Friday 27 January 2012

Innovations for mLearning: Hammer vs. Lego (part 3 of 4)

Guest post by: David Kruis


Shawn asked me to guest post this week, and as Director of Mobile Strategy at Desire2Learn, he suggested I explore some of the innovations in the mobile industry as they apply to education.  Of course it’s hard to not to immediately think about recent announcements by Apple and how they are entering the school textbook market by using iBooks, iPad apps, and desktop tools to help streamline the creation and delivery of textbooks.  While Apple is not the first ‘etextbook’ solution on the market (Kno.com, Inkling.com, CourseSmart.com, etc), they certainly generate plenty of marketplace buzz, and know how to bring technology to the masses. 
 Many others have written about Apple’s entry, so I’m not going to spend much time on it.  I will say that their entry validates the opportunity technology (specifically mobile) has to address a wide range of challenges that exist in the education sector.  Cautionary note (and what my dad always told me): there’s the right tool for every job.  Too often technology is used like a hammer, and the nuances of education are far more complex to be addressed by a single tool or technology.  Those of us who spend our days (and perhaps too often nights) teaching and supporting learners know that we need to build and choose our tools wisely.  And Apple, like so many others, is simply adding to the available tool chest.


I find we have to scrape off the marketing hype of the ‘innovations’ that are so widely celebrated to really recognize the source of the success.  Innovators get the credit for commercializing the underlying research and inventions that empower their innovations.  All those failures throughout the research that led to the inventions that feed the innovations are forgotten or overlooked, outshone by the single success.  We all know we best learn through our mistakes, and if those are the foundations of our innovations, then failure is an area we need to invest.  Yes, invest in creating failure: governments should fund pure research, musicians should switch instruments, we should all learn a new language, and most importantly our kids should play with Lego.  It’s time we start building and using more tools like Lego – ones that help learners make mistakes create failures. 
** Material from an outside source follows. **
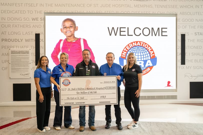 In addition to the donation, IHRA announced its intent to collaborate with St. Jude on future fundraising initiatives designed to expand awareness and generate additional support for the hospital’s mission: ensuring that no child is denied treatment based on race, religion, or a family’s ability to pay.

This leads to a new project that I’m really excited about – a new tool that has the potential to help our kids make wonderful failures.  Raspberry Pi Foundation  is a UK based charity that is leveraging the last dozen or so years of technological innovations in mobile computing to create a computing platform.  It’s a tool that can be used to expose people to technology in ways which until now has become increasingly more difficult.  If you’re a tech buff, you may have already heard of this group, if you haven’t you need to take a look.  Think of what they are doing as somewhat akin to the modern day Lego.  They have created a building block of computing technology that will allow users (I’m thinking kids, but truly anyone) to explore, create, fail, and adapt in so many ways – all while keeping them excited and exposed to the technology that they see and interact with every day.  The Raspberry Pi Foundation is striving for cheap, accessible, programmable computers everywhere, and I’m most excited about how this can be used in education.  With teaching tools like these, we can expose students to more of the roots of computing technology.  While I support One Laptop per Child and similar initiatives to bring more technology into student’s hands, I feel these result in students learning how to use applications, not really exposing them to the underlying technology that enable those applications.  Nor do these mostly closed systems encourage users to experiment and create applications of their own.  Read up on Raspberry Pi, they are weeks away from launching the first version of hardware and I’m really looking forward to seeing how their tool evolves over time.  I expect that it will take up well deserved space in educator’s tool chests; I’ll certainly be adding it to mine.



One last thought. I’m currently reading Shop Class as Soulcraft: An Inquiry Into the Value of Work written by Matthew Crawford.  For those of you who are familiar with the book, it’s possible that tools like Raspberry Pi can expose an aspect of ‘craft’ that exists in modern day technology but in most cases hidden from the end user.  What’s really running under the hood of my iPad?